*DATA EXCERPTS*.
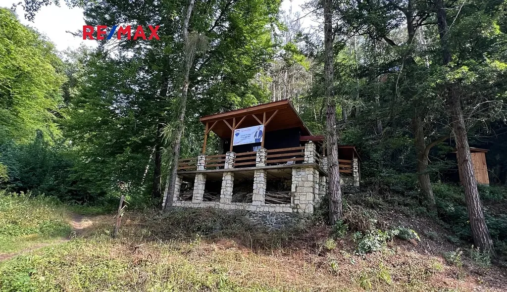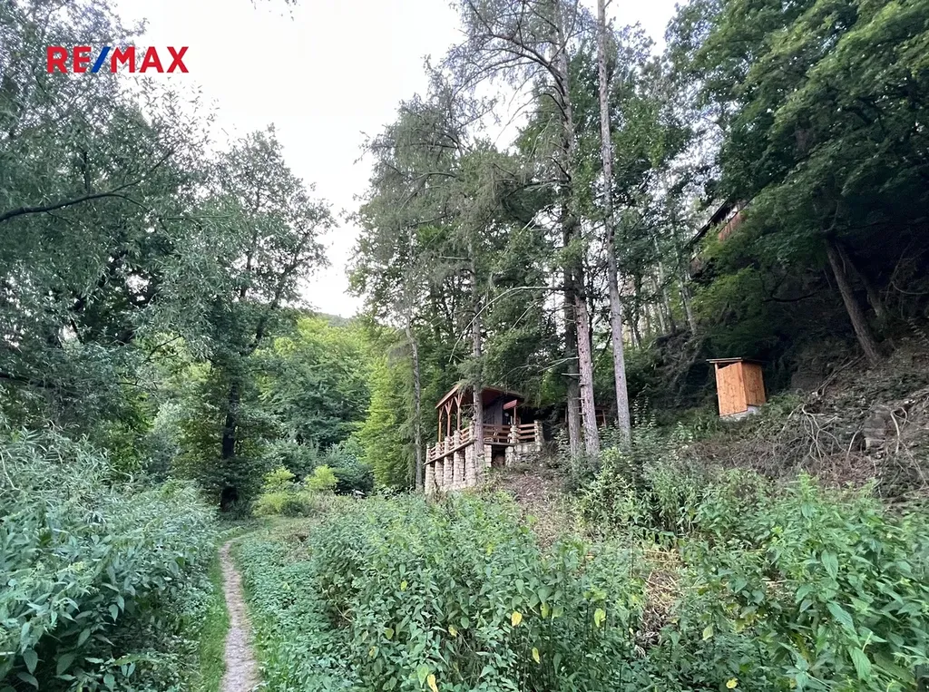 Vlastněný pozemek pod chatou je 56 m2, spoluvlastnický podíl na okolních pozemcích je 1/13 z rozlohy 70 148 m2, tedy 5 396 m2. A součástí prodeje je též věcné břemeno na pozemcích obce Zbečno. Jako zahrada se užívá cca 200 m2 v okolí chaty.
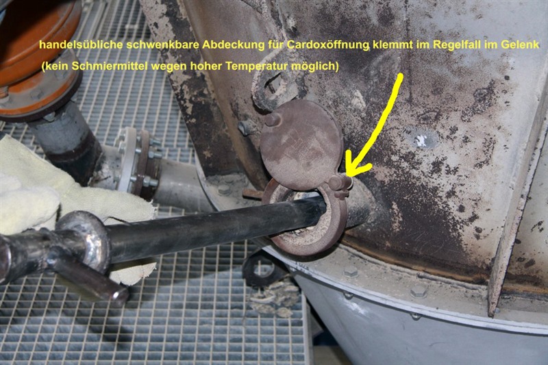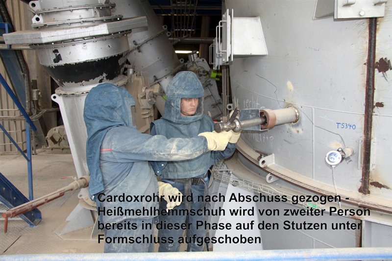 Ein findiger Mitarbeiter der Deuna Zement GmbH hat eine Vorrichtung entwickelt, mit der die Öffnung unmittelbar nach der Entnahme des Cardoxrohres verschlossen werden kann. Dieser sogenannte Heißmehlhemmschuh besteht aus einem rechteckigen Metallgehäuse mit einem Griff auf der geschlossenen Oberseite. Das Gehäuse ist auf der Unterseite vollständig offen und auf der Rückseite so weit ausgeschnitten, dass die Vorrichtung passgenau auf den Cardoxstutzen aufgeschoben werden kann. Vor dem Herausziehen des Cardoxrohres wird der Heißmehlhemmschuh seitlich an den Stutzen angesetzt. Ist das Rohr vollständig herausgezogen, schiebt ein zweiter Mitarbeiter den Hemmschuh unverzüglich über die Stutzenöffnung. Somit wird ein Heißmehlaustritt effektiv verhindert und das Cardoxrohr kann ohne Hektik abgelegt werden. Die Verschlusskappe kann angesetzt und nach dem Zurückziehen des Hemmschuhs in die Cardoxöffnung eingeschraubt werden.
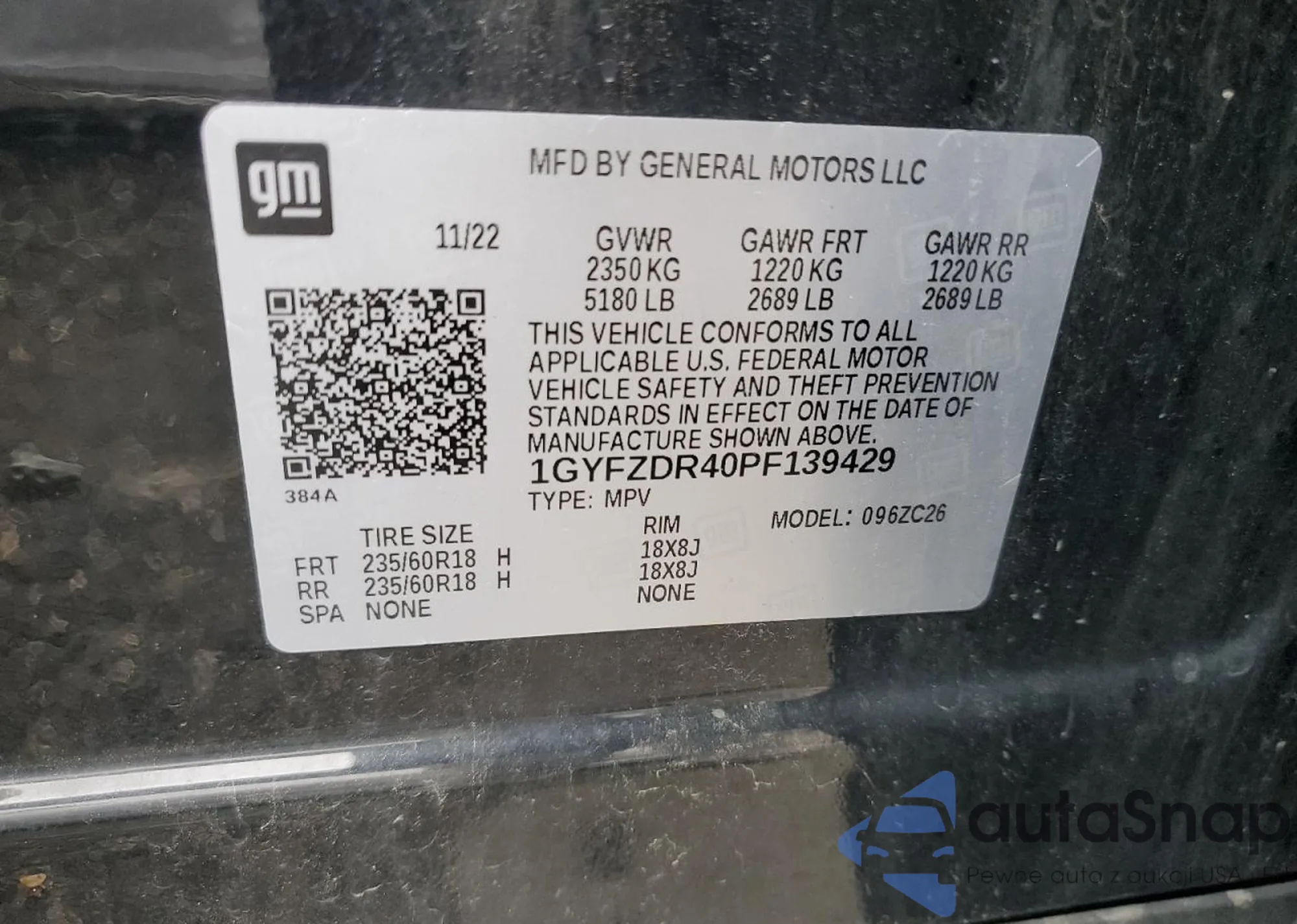 VIN: 1GYFZDR40PF139429
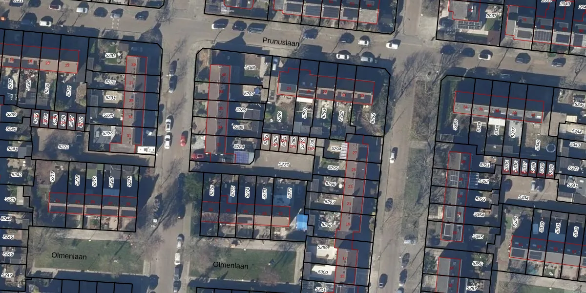 Gebruik de zoekbalk of klik op een perceel voor informatie over de adressen binnen dit perceel.
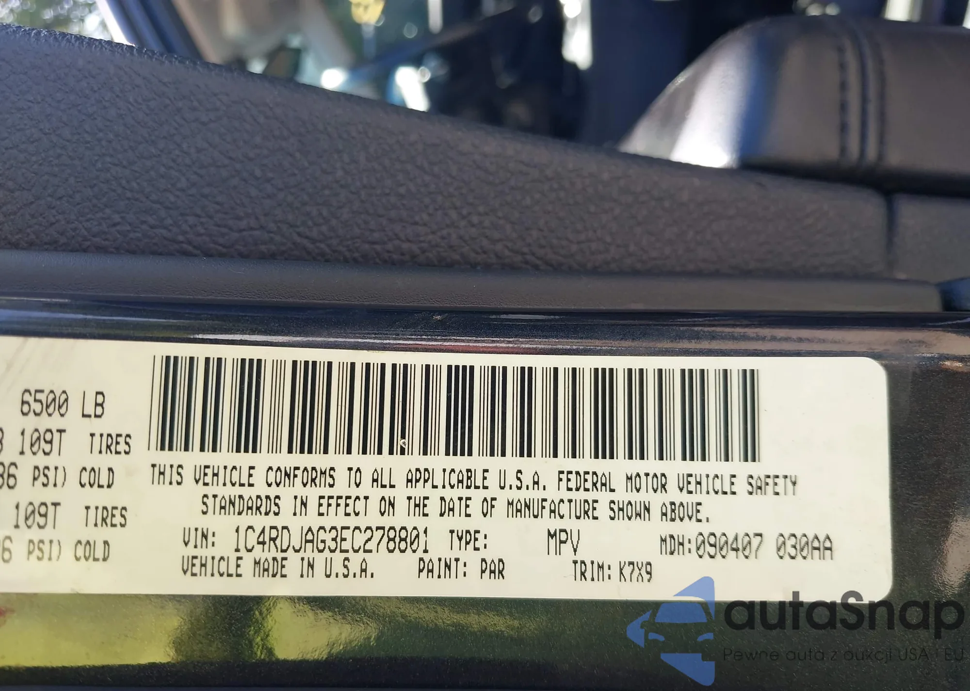 • VIN 1C4RDJAG3EC278801

*EXERCISE DIRECTIONS*.
Write out every line above again exactly, with the pictures left out.

*WRITTEN ANSWER*.
 Vlastněný pozemek pod chatou je 56 m2, spoluvlastnický podíl na okolních pozemcích je 1/13 z rozlohy 70 148 m2, tedy 5 396 m2. A součástí prodeje je též věcné břemeno na pozemcích obce Zbečno. Jako zahrada se užívá cca 200 m2 v okolí chaty.
 Ein findiger Mitarbeiter der Deuna Zement GmbH hat eine Vorrichtung entwickelt, mit der die Öffnung unmittelbar nach der Entnahme des Cardoxrohres verschlossen werden kann. Dieser sogenannte Heißmehlhemmschuh besteht aus einem rechteckigen Metallgehäuse mit einem Griff auf der geschlossenen Oberseite. Das Gehäuse ist auf der Unterseite vollständig offen und auf der Rückseite so weit ausgeschnitten, dass die Vorrichtung passgenau auf den Cardoxstutzen aufgeschoben werden kann. Vor dem Herausziehen des Cardoxrohres wird der Heißmehlhemmschuh seitlich an den Stutzen angesetzt. Ist das Rohr vollständig herausgezogen, schiebt ein zweiter Mitarbeiter den Hemmschuh unverzüglich über die Stutzenöffnung. Somit wird ein Heißmehlaustritt effektiv verhindert und das Cardoxrohr kann ohne Hektik abgelegt werden. Die Verschlusskappe kann angesetzt und nach dem Zurückziehen des Hemmschuhs in die Cardoxöffnung eingeschraubt werden.
 VIN: 1GYFZDR40PF139429
 Gebruik de zoekbalk of klik op een perceel voor informatie over de adressen binnen dit perceel.
 • VIN 1C4RDJAG3EC278801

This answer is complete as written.